A number of policies has been introduced recently in the UK and not just in England to expand the current involvement of clinical pharmacists in general practice [18, 34, 41]. The findings of this study provide important insights to policymakers and practice managers into the support required by GP pharmacists to deliver a wide range of patient oriented services. Moreover, the success of the new model, PCNs, shall largely depend on what it could potentially learn from the current practice to ensure the efficient and smooth integration of GP pharmacists. The findings of this study suggested that a successful integration would require both pharmacists and the practice team to understand each other's roles well besides receiving structured training to ensure the provision of effective pharmacists-led patient care. However, integration could be challenging for those pharmacists with limited experience in GP. Furthermore, our findings are similar to another study that reported the need to develop the skills and knowledge of new pharmacists in GP setting to perform their roles [42]. The General Pharmaceutical Council has recently implemented new standards for the initial education and training of pharmacists across the UK to equip those providing further clinical roles including independent prescribing from the point of registration [43].

The study has some limitations.

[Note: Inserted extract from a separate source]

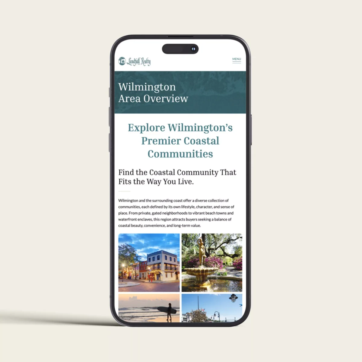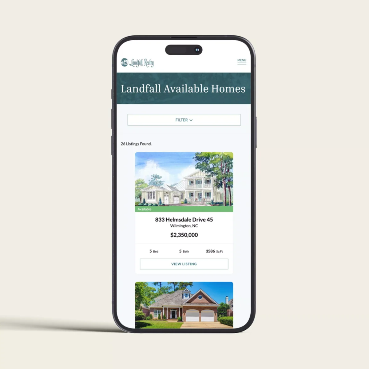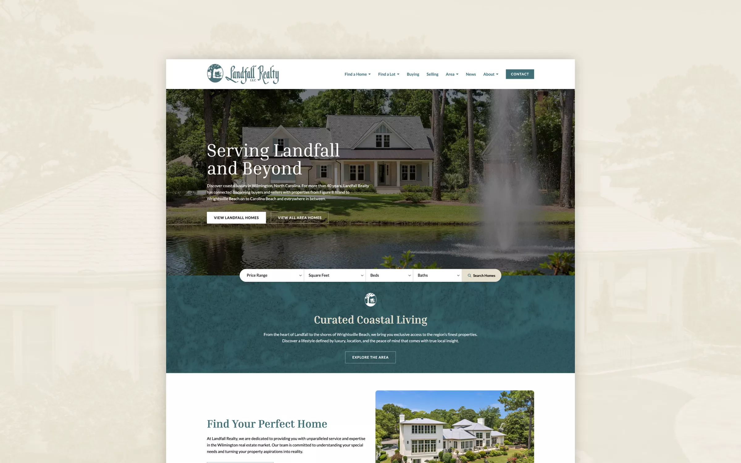 We designed and developed a custom website for Landfall Realty that highlights their position as the go-to real estate experts within the Landfall community. The site was built to showcase listings, simplify property searches, and present their team’s local expertise in a clean, user-friendly experience.

Due to the use of convenience sampling in the study, the findings of the study may not be generalisable to the wider population. Furthermore, the use of self-reported responses to the questionnaire may be associated with validity issues. The use of convenience sampling together with self-reported answers suggest that findings of this study should be interpreted with caution. Another limitation relating to the comparison between PIPs and non-IPs is that the number of participants was not equal in two groups. Although the questionnaire used both closed and open-ended questions, there was limited qualitative data which may not be detailed enough to provide an in-depth analysis of pharmacists’ barriers and facilitators to the integration into practice. Therefore, the qualitative findings of this study would need to be confirmed by conducting a further qualitative interview-based study. Future research should include in-depth qualitative interviews with key stakeholders from GP practice to provide a detailed insight about barriers to integration.

Conclusion

This study provides insight into the current role and integration of GP pharmacists in England. The study suggests that pharmacists are delivering a wide range of patient-oriented services that are a mix of administrative and clinical face to face patient roles. They are faced with challenges related to working environment as well as available support. These factors are crucially important when developing GP pharmacists’ role and need to be considered to ensure the appropriate use of pharmacists’ knowledge and clinical skills and the useful contribution of pharmacist in tackling the shortfalls in the general practitioners’ recruitment and easing the GP workload.